Mon. de Ségur não hesitava em atribuir a si próprio a culpa de que os fiéis se afeiçoassem tão pouco a esta doutrina admirável, que é, certamente, como a explica S. Paulo aos Colossenses (1,26): “o grande mistério oculto às gerações passadas, manifestado pelo Evangelho aos Santos de Deus, aos quais se dignou comunicar as riquezas da sua glória”.
Com sua característica ingenuidade o santo prelado dizia: “Nós, os ministros de Deus, não temos bastante espírito de fé; temos a fé
in partibus, como aqueles bons bispos, que não têm dioceses. Ah! eu sou um desses arcebispos!”
Não se pode, contudo, negar que todas as realidades da fé, a de que mais se deve compenetrar quem deseja, sob qualquer título, ser apóstolo, é esta realidade sublime, que trazemos em nós. Se não a temos há mais tempo explorado por uma meditação prolongada e um estudo paciente, não devemos estranhar que os fiéis passem a vida na ignorância incomparável do mais belo tesouro que há, pois nós mesmos não o julgamos digno de uma séria investigação.
Dir-se-á, talvez, que os padres, tendo todos percorrido o tratado
De gratia, estudaram perfeitamente o mistério da habitação de Deus em nós, mas que é impossível pregar ou dar às almas, como alimento ordinário, esta doutrina.
Somos, pois, forçados a admitir este fato: a parte fundamental do dogma, sobre que repousa toda a verdadeira vida cristã, será ignorada praticamente por grande número de fiéis. Não cremos que isso seja possível.
[2]
A quem é que, por outra parte, S. Paulo pregava “o grande mistério”, a presença de Deus em nós, pela graça?
Aos surradores de Éfeso e aos estivadores de Corinto, todos gente não menos “mergulhada na matéria” do que grande número dos cristãos de hoje, e a quem seus hábitos e ideias pagãs deviam tornar muito mais inacessíveis à inteligência de “Deus em nós” do que aos católicos de raça, filhos e netos de batizados.
Admitimos que nem todos os fiéis se possam aproveitar — ao menos no mesmo grau — destas ideias sobre a divina presença em nós; mas, quem duvida que muitas almas ávidas e desejosas de se unir com Deus, encontrariam, se houvesse quem lhes chamasse a atenção para este ponto capital, uma enorme vantagem?
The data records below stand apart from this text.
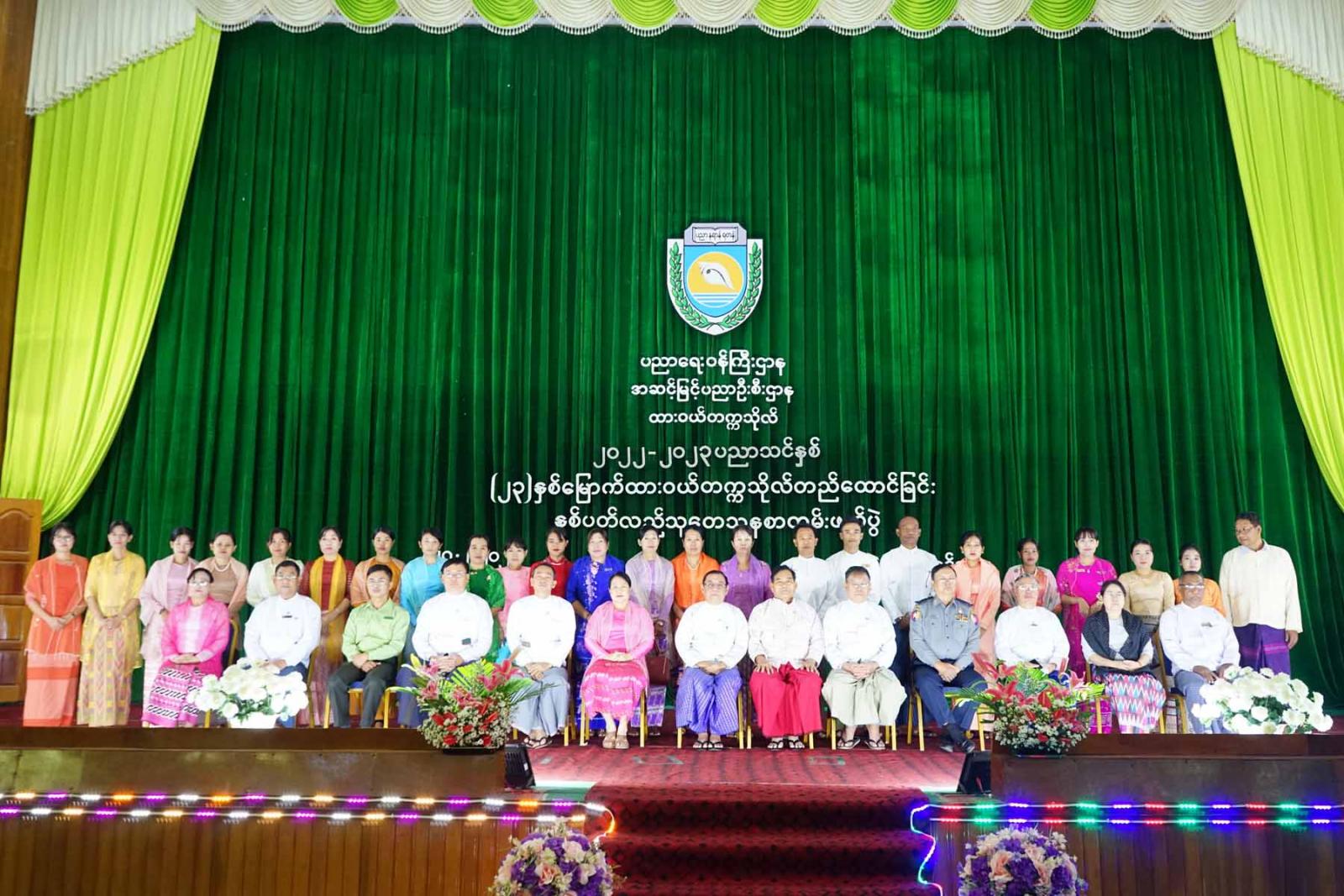 ဆက်လက်၍ ဒုတိယပါမောက္ခချုပ် ဒေါက်တာမိမိကြီးက စာတမ်းဖတ်ပွဲနှင့် ပိုစတာပြပွဲပြုလုပ်ရခြင်း၏ ရည်ရွယ်ချက်အား ရှင်းလင်းပြောကြားပြီး ကျောင်းသူများက တေးသရုပ်ဖော်အက၊ Fitness Dance အကဖြင့် ဖျော်ဖြေတင်ဆက်ကာ တိုင်းဒေသကြီးဝန်ကြီးချုပ်က သီဆိုဖျော်ဖြေသော ကျောင်းသား/သူများအား ဂုဏ်ပြုဆုငွေကျပ်(၄)သိန်း ပေးအပ်ချီးမြှင့်သည်။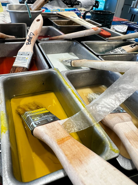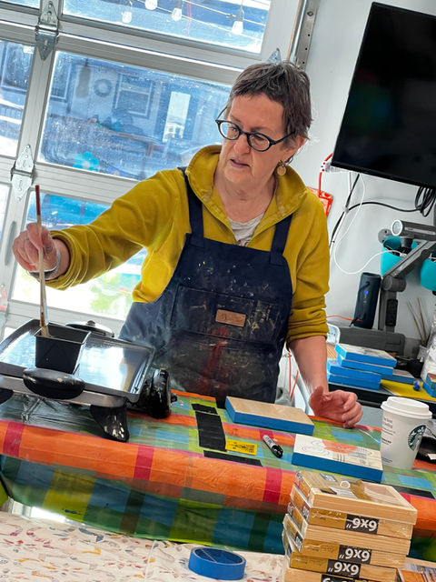 What would happen if you spent an entire day print making? Block printing, gelli printing, collagraphy, mini mono printing, encaustic printing, and a whole host of gadget printing (think food, bottle bottoms, found objects, leaves and more). And then spent a second day working with those prints under encaustic paint? You’d have a regular monothon and that’s what we will be doing at Outside the Box Studio. Come with us as we explore all sorts of monotype printing, and then combine them with encaustic painting. Two days of wild fun, no experience in printmaking or encaustic necessary. You’ll leave with a wide variety of printmaking you can do on your own without a press, and a delicious taste of encaustic painting.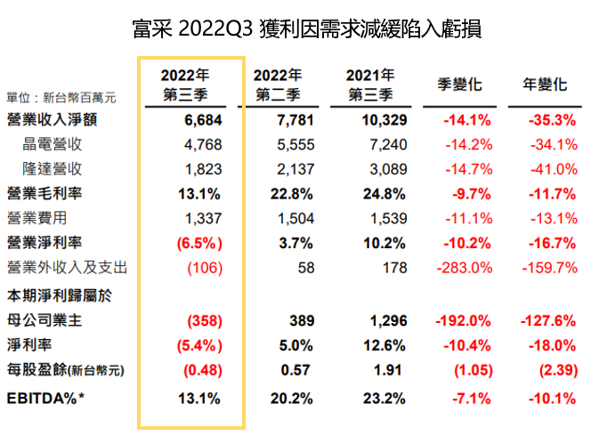 2022Q3 營運因產能利用率降低、提列庫存損失陷入虧損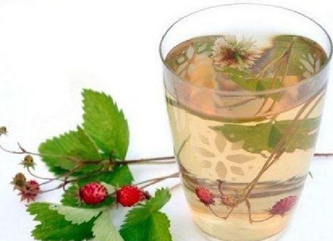 - Cortamos flores y hojas de trébol, arrancamos hojas de menta. Lo ponemos en la tetera. Dejamos las ramas de fresas intactas, agregamos a menta y trébol. Agregue agua hirviendo a la tetera.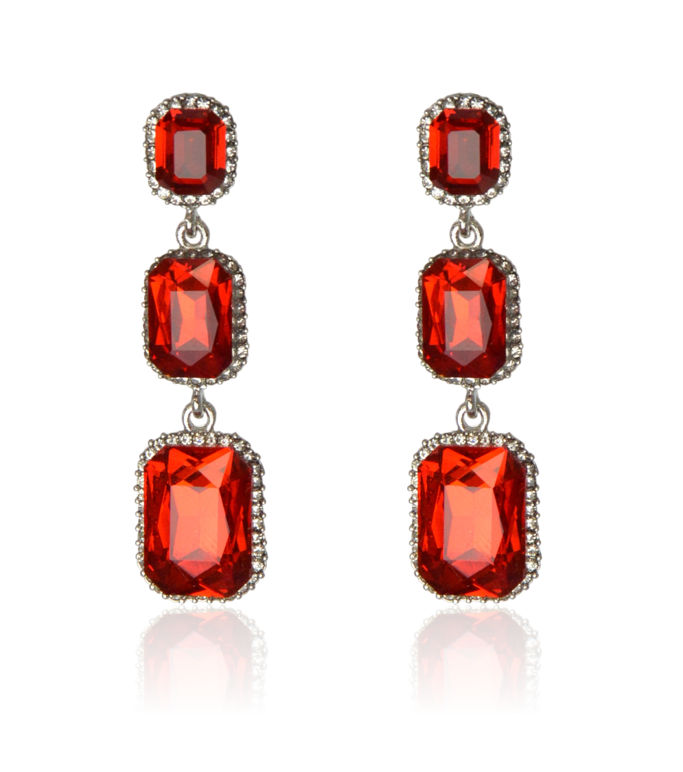 Kolczyki kryształowe czerwono-srebrne

Assim o pensamos, e não é outro o motivo destas páginas.
Há muitas almas que, apesar de seus grandes esforços, nunca chegam a atingir uma elevada perfeição, por que, em lugar de procurarem a razão da sua intimidade, onde ela se encontra verdadeiramente, isto é, no dogma mais belo, mais fundamental da religião, vão procurá-la no sentimento ou em práticas acessórias.
[3]
Para fazer compreender a estas almas o engano, S. Bernardo serviu-se do que sucedeu a Madalena junto do sepulcro. Procura-se a Deus, onde Ele não está, ou melhor, não se procura onde Ele principalmente está; daqui nascem todas as confusões, todas as demoras, todos os atrasos, e o marcar passo no mesmo terreno.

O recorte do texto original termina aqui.